### REQUIRED WORK
Quote the material exactly from the line that contains "Carved Half Cut" through its last line. Any pictures are to be left out.
===
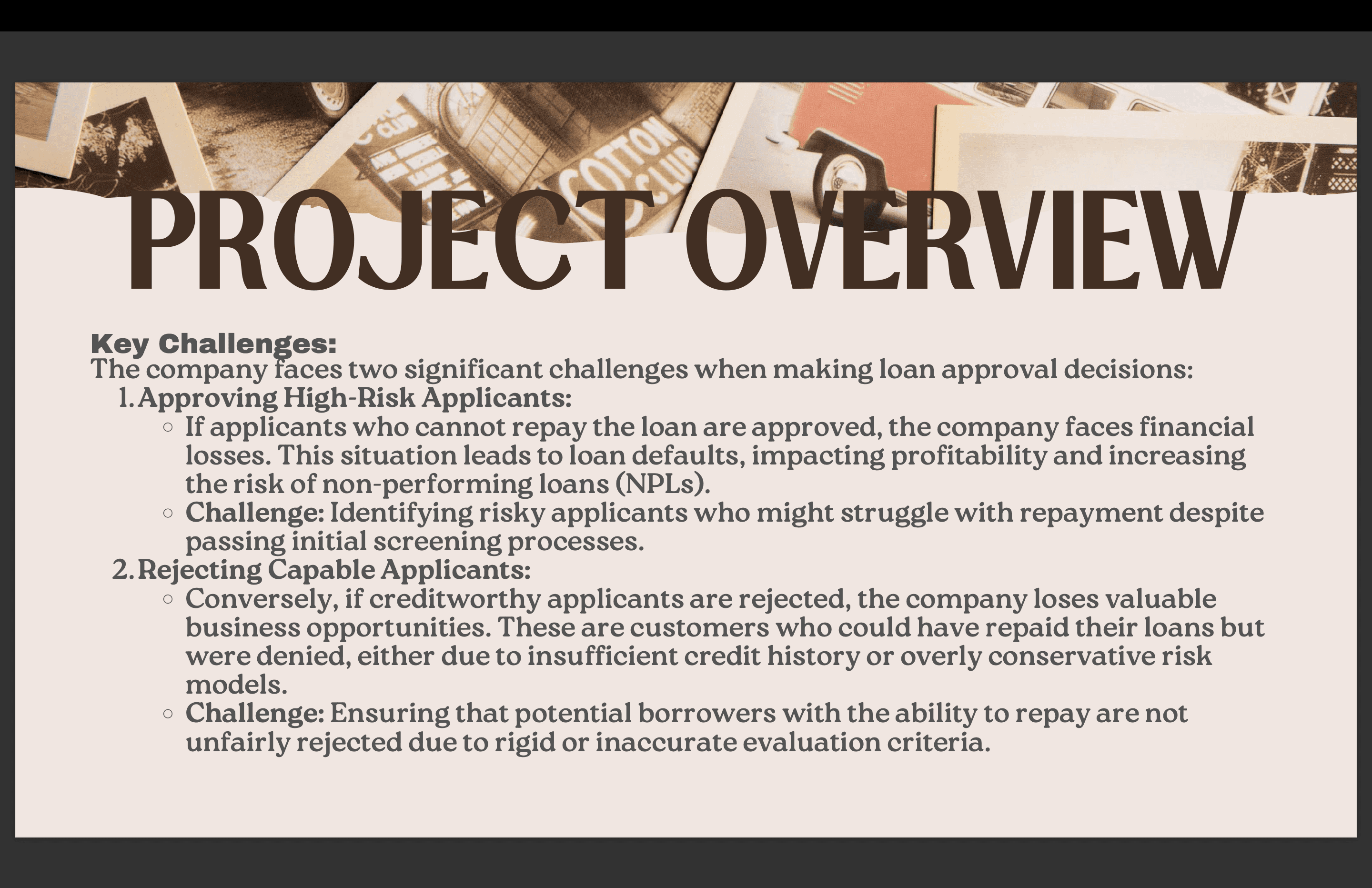 This project simulates real-world financial risk analysis by investigating customer data to prevent loan defaults. The insights aim to help lenders reduce financial losses while ensuring eligible applicants are not wrongly rejected.
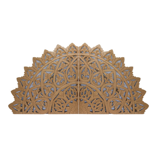 Carved Half Cut Bed Headboard "Sumber" - [US-stock]
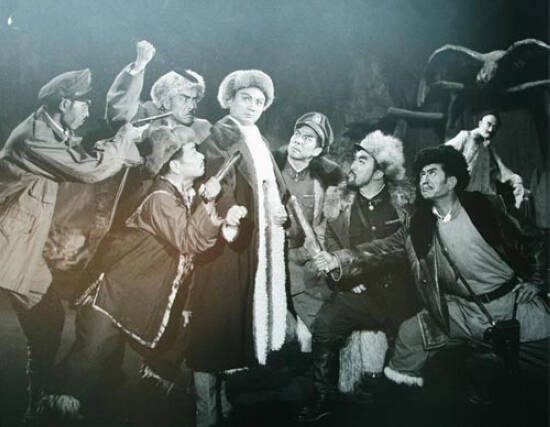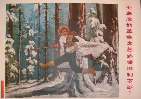 江青评价说,对《智取威虎山》,上海从第一书记起,亲自修改。是否比过去改坏了,我看是改好了。只举一个例子,定河老道砍了场戏,座山雕只减了几句话,但由于杨子荣的形象高大了,他就黯然失色了。所以上海团不用紧张,如果一个戏竟然几句话批倒了,还算什么戏剧艺术?问题在于屁股坐在正面人物方面抑或坐在反面人物方面。图为相关宣传画。
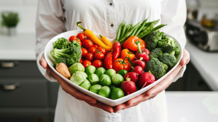 A nutritionist arranging a heart-shaped dish of vegetables, showcasing vibrant colors and variety.
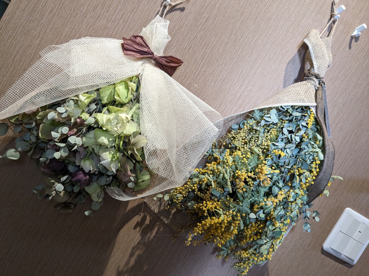 そうそう、クリスマスローズのスワッグは、葉っぱ全部取るんだったわ
===
### YOUR RESPONSE
 Carved Half Cut Bed Headboard "Sumber" - [US-stock]
 江青评价说,对《智取威虎山》,上海从第一书记起,亲自修改。是否比过去改坏了,我看是改好了。只举一个例子,定河老道砍了场戏,座山雕只减了几句话,但由于杨子荣的形象高大了,他就黯然失色了。所以上海团不用紧张,如果一个戏竟然几句话批倒了,还算什么戏剧艺术?问题在于屁股坐在正面人物方面抑或坐在反面人物方面。图为相关宣传画。
 A nutritionist arranging a heart-shaped dish of vegetables, showcasing vibrant colors and variety.
 そうそう、クリスマスローズのスワッグは、葉っぱ全部取るんだったわ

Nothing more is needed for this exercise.